An important application of XML is in creating legible databases. A public library, for instance, could build a computer-readable catalog as follows (note that in contrast to HTML, element names in XML are case-sensitive, <library> is not the same as <Library>):

 <Library>
   <Fiction>
      <Book>
	  <Author>Adams, Douglas</Author>
	  <Title>The Hitchhiker's Guide to the Galaxy</Title>
	  <Publisher>Crown</Publisher>
          <ISBN-10> 1400052920 </ISBN-10>
      </Book>
      <Book>  ...  </Book>
      <Book>  ...  </Book>
   </Fiction>
   <Non-Fiction>
      <Languages>
	  <Book>  ...  </Book>
      </Languages>
      <Science>
         ...
      </Science>
   </Non-Fiction>
 </Library>

A user agent, knowing the tags appearing in this XML document, can parse it, extract the book titles, and, after some formatting, publish them on the internet, so that the titles become easily accessible to members of the library. At the same time the program (i.e., the user agent) could store the information about the books into a proprietary database.

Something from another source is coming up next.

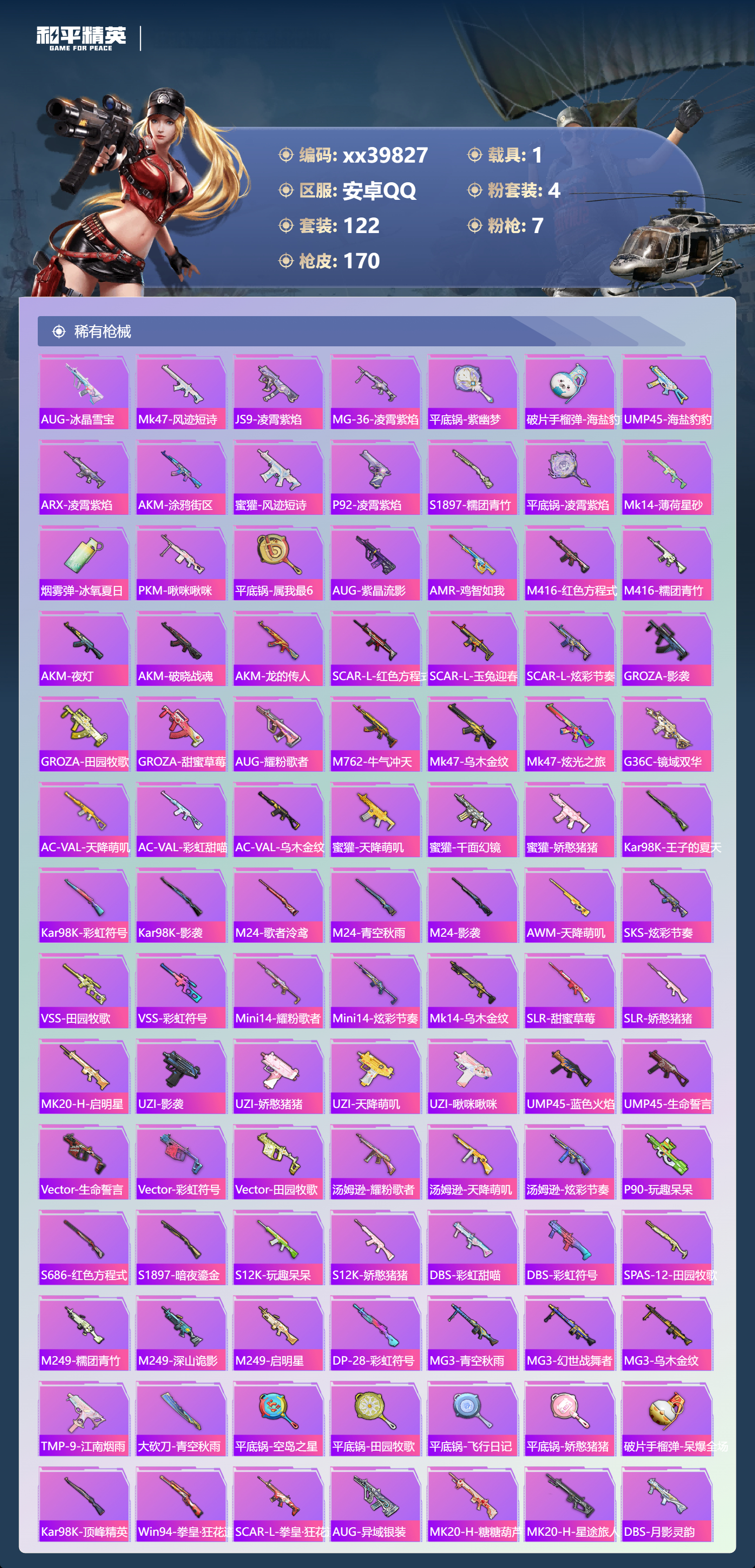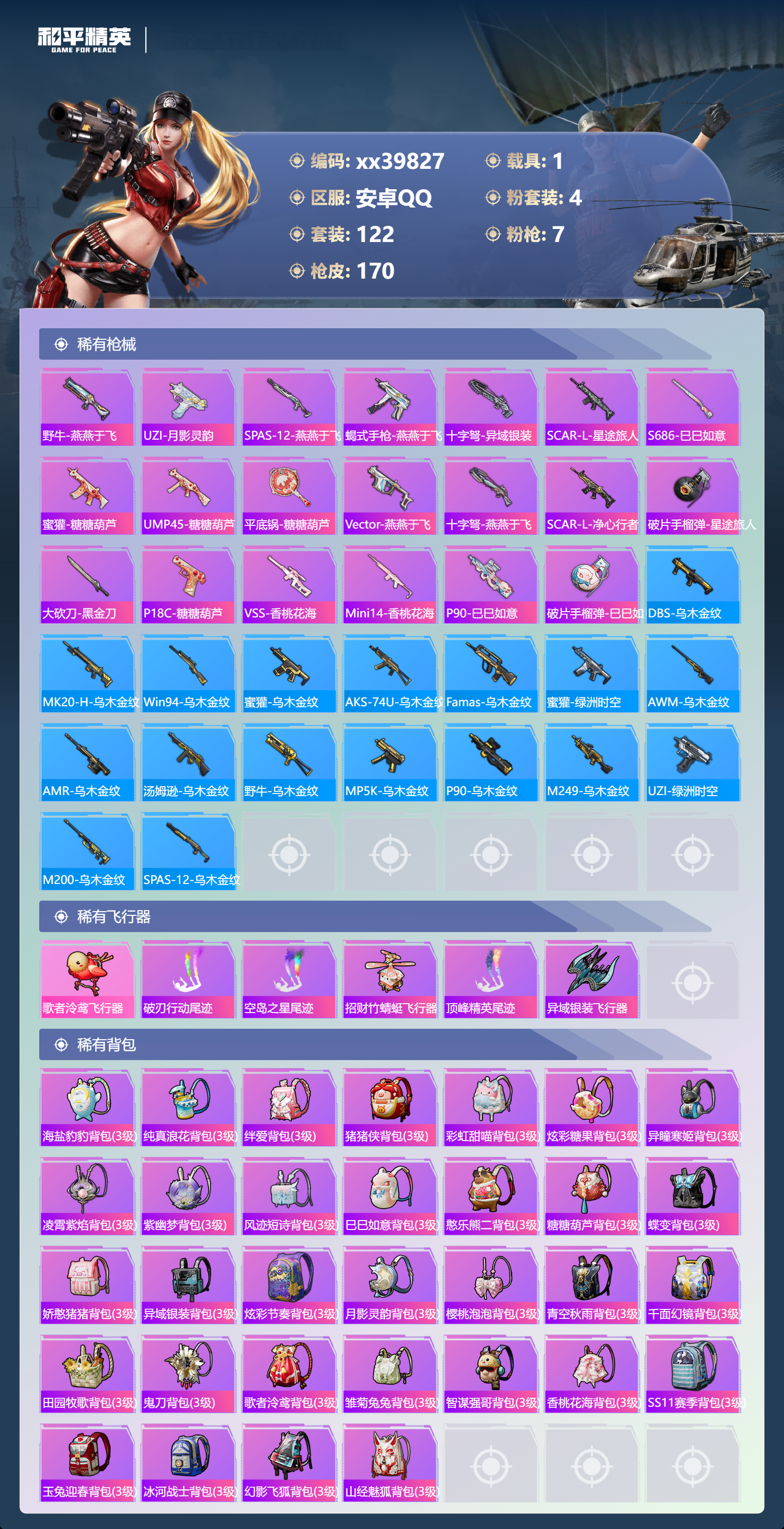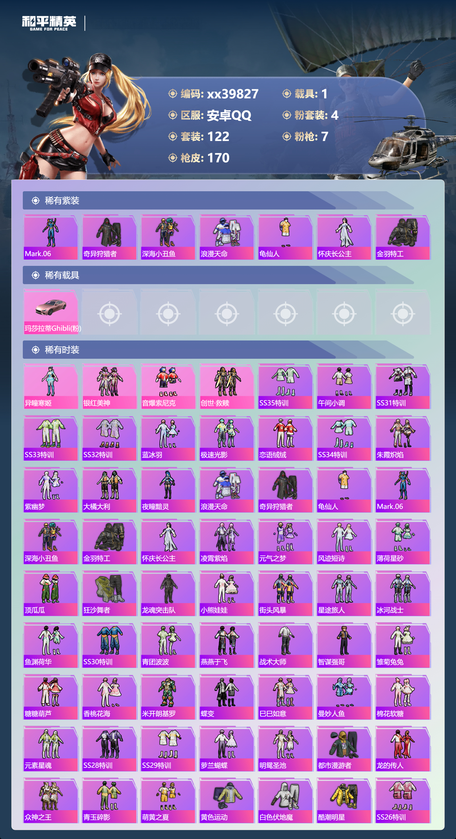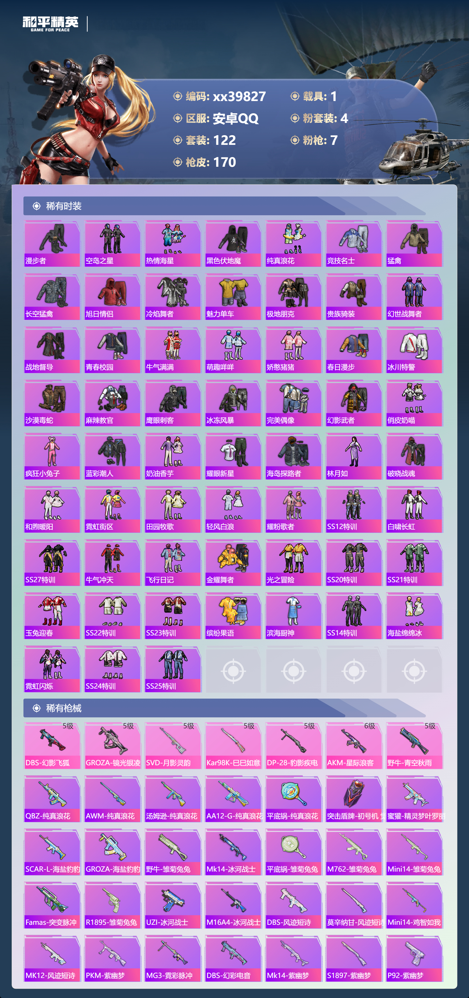 _2277379-可二次安卓手q-8王牌印记-4粉装-7特效呛-1载具-54091热力值-122套装-170呛皮 【4粉装】套装-音爆索尼克套装-银红美神套装-创世·救赎角色-异瞳寒姬 【7特效呛】groza-镜光银凌/5级svd-月影灵韵/5级野牛-青空秋雨/5级dbs-幻影飞狐/5级kar98k-巳巳如意/5级akm-星际浪客/6级dp-28-豹影疾电/5级 【7稀有紫装】mark.06奇异狩猎者深海小丑鱼浪漫天命龟仙人怀庆长公主金羽特工 【1稀有载具】玛莎拉蒂ghibli粉 【122稀有时装】异瞳寒姬ss35特训午间小调ss31特训ss33特训ss32特训蓝冰羽极速光影恋语绒绒ss34特训朱霞炽焰紫幽梦大橘大利夜瞳黯灵浪漫天命奇异狩猎者龟仙人mark.06深海小丑鱼金羽特工怀庆长公主凌霄紫焰元气之梦风迹短诗薄荷星砂顶瓜瓜银红美神音爆索尼克创世·救赎狂沙舞者龙魂突击队小熊娃娃街头风暴星途旅人冰河战士鱼渊荷华ss30特训青团波波燕燕于飞战术大师智谋强哥雏菊兔兔糖糖葫芦香桃花海米开朗基罗蝶变巳巳如意曼妙人鱼棉花软糖元素星魂ss28特训ss29特训萝兰蝴蝶明鸳圣池都市漫游者龙的传人众神之王青玉碎影萌黄之夏黄色运动白色伏地魔酷潮明星ss26特训漫步者空岛之星热情海星黑色伏地魔纯真浪花竞技名士猛禽长空猛禽旭日情侣冷焰舞者魅力单车极地朋克贵族骑装幻世战舞者战地督导青春校园牛气满满萌趣咩咩娇憨猪猪春日漫步冰川特警沙漠毒蛇麻辣教官鹰眼刺客冰冻风暴完美偶像幻影武者俏皮奶喵疯狂小兔子蓝彩潮人奶油香芋耀眼新星海岛探路者林月如破晓战魂和煦暖阳霓虹街区田园牧歌轻风白浪耀粉歌者ss12特训白啸长虹ss27特训牛气冲天飞行日记金耀舞者光之冒险ss20特训ss21特训玉兔迎春ss22特训ss23特训缤纷果语滨海厨神ss14特训海盐绵绵冰霓虹闪烁ss24特训ss25特训 【170稀有呛械】q-纯真浪花awm-纯真浪花汤姆逊-纯真浪花dbs-乌木金纹aa12-g-纯真浪花平底锅-纯真浪花突击盾牌-初号机觉醒ver.蜜獾-精灵梦叶罗丽scar-l-海盐豹豹groza-海盐豹豹dbs-幻影飞狐/5级groza-镜光银凌/5级svd-月影灵韵/5级kar98k-巳巳如意/5级dp-28-豹影疾电/5级野牛-雏菊兔兔mk14-冰河战士平底锅-雏菊兔兔m762-雏菊兔兔mini14-雏菊兔兔famas-突变脉冲r1895-雏菊兔兔uzi-冰河战士m16a4-冰河战士mk20-h-乌木金纹akm-星际浪客/6级野牛-青空秋雨/5级dbs-风迹短诗莫辛纳甘-风迹短诗mini14-鸡智如我win94-乌木金纹mk12-风迹短诗pkm-紫幽梦mg3-霓彩脉冲dbs-幻彩电音mk14-紫幽梦蜜獾-乌木金纹s1897-紫幽梦p92-紫幽梦aug-冰晶雪宝mk47-风迹短诗js9-凌霄紫焰mg-36-凌霄紫焰平底锅-紫幽梦破片手留单-海盐豹豹ump45-海盐豹豹arx-凌霄紫焰aks-74u-乌木金纹akm-涂鸦街区蜜獾-风迹短诗p92-凌霄紫焰famas-乌木金纹s1897-糯团青竹平底锅-凌霄紫焰mk14-薄荷星砂盐雾蛋-冰氧夏日pkm-啾咪啾咪平底锅-属我最6蜜獾-绿洲时空aug-紫晶流影amr-鸡智如我m416-红色方程式m416-糯团青竹akm-夜灯akm-破晓战魂akm-龙的传人scar-l-红色方程式scar-l-玉兔迎春scar-l-炫彩节奏groza-影袭groza-田园牧歌groza-甜蜜草莓aug-耀粉歌者m762-牛气冲天mk47-乌木金纹mk47-炫光之旅g36c-镜域双华ac-val-天降萌叽ac-val-彩虹甜喵ac-val-乌木金纹蜜獾-天降萌叽蜜獾-千面幻镜蜜獾-娇憨猪猪kar98k-王子的夏天kar98k-彩虹符号kar98k-影袭m24-歌者泠鸢m24-青空秋雨m24-影袭awm-天降萌叽awm-乌木金纹amr-乌木金纹sks-炫彩节奏vss-田园牧歌vss-彩虹符号mini14-耀粉歌者mini14-炫彩节奏mk14-乌木金纹slr-甜蜜草莓slr-娇憨猪猪mk20-h-启明星uzi-影袭uzi-娇憨猪猪uzi-天降萌叽uzi-啾咪啾咪ump45-蓝色火焰ump45-生命誓言vect-生命誓言vect-彩虹符号vect-田园牧歌汤姆逊-耀粉歌者汤姆逊-天降萌叽汤姆逊-乌木金纹汤姆逊-炫彩节奏野牛-乌木金纹mp5k-乌木金纹p90-乌木金纹p90-玩趣呆呆s686-红色方程式s1897-暗夜鎏金s12k-玩趣呆呆s12k-娇憨猪猪dbs-彩虹甜喵dbs-彩虹符号spas-12-田园牧歌m249-糯团青竹m249-乌木金纹m249-深山诡影m249-启明星dp-28-彩虹符号mg3-青空秋雨mg3-幻世战舞者mg3-乌木金纹tmp-9-江南烟雨大砍刀-青空秋雨平底锅-空岛之星平底锅-田园牧歌平底锅-飞行日记平底锅-娇憨猪猪破片手留单-呆爆全场kar98k-顶峰精英uzi-绿洲时空win94-拳皇·狂花道scar-l-拳皇·狂花道aug-异域银装mk20-h-糖糖葫芦mk20-h-星途旅人dbs-月影灵韵野牛-燕燕于飞uzi-月影灵韵m200-乌木金纹spas-12-燕燕于飞蝎式手呛-燕燕于飞十子怒-异域银装scar-l-星途旅人s686-巳巳如意蜜獾-糖糖葫芦ump45-糖糖葫芦spas-12-乌木金纹平底锅-糖糖葫芦vect-燕燕于飞十子怒-燕燕于飞scar-l-净心行者破片手留单-星途旅人大砍刀-黑金刀p18c-糖糖葫芦vss-香桃花海mini14-香桃花海p90-巳巳如意破片手留单-巳巳如意 【6稀有飞行器】破刃行动尾迹空岛之星尾迹招财竹蜻蜓飞行器歌者泠鸢飞行器顶峰精英尾迹异域银装飞行器 【32稀有背包】海盐豹豹背包3级纯真浪花背包3级绊爱背包3级猪猪侠背包3级彩虹甜喵背包3级炫彩糖果背包3级异瞳寒姬背包3级凌霄紫焰背包3级紫幽梦背包3级风迹短诗背包3级巳巳如意背包3级憨乐熊二背包3级糖糖葫芦背包3级蝶变背包3级娇憨猪猪背包3级异域银装背包3级炫彩节奏背包3级月影灵韵背包3级樱桃泡泡背包3级青空秋雨背包3级千面幻镜背包3级田园牧歌背包3级鬼刀背包3级歌者泠鸢背包3级雏菊兔兔背包3级智谋强哥背包3级香桃花海背包3级ss11赛季背包3级玉兔迎春背包3级冰河战士背包3级幻影飞狐背包3级山经魅狐背包3级

XML is a meta-language which means that it prescribes the syntax (grammar) of elements. However, XML does not fix actual names or semantics (meanings) of elements. One could say that XML is infinitely large, practically any element name can be chosen by the author of an XML document. Only relatively few characters are forbidden in element names and many different scripts besides Latin are allowed. A markup language with an infinite number of different element names is unworkable and a finite—well-defined—number of permitted names and their content type must be chosen. The chosen elements can be recorded in an XML schema or in a Document Type Definition (DTD), either of which defines in fact a valid XML-conform markup language. For example, a markup language describing the cultural history of the Interbellum could have an associated DTD in which <physicist>, <cinematographer>, <mathematician>, <sculptor>, etc., are recorded as valid elements.

When a document is to be published (on screen, in print, in braille, or as audio file), the appearance of the elements is dictated by a stylesheet. For instance, the stylesheet may prescribe that the contents of <author> ⋅⋅⋅ </author> are printed in bold. XML itself does not do anything, a computer program (a user agent) written in a language like C++ or Java is needed to perform the layout and/or storing or transferring of XML documents.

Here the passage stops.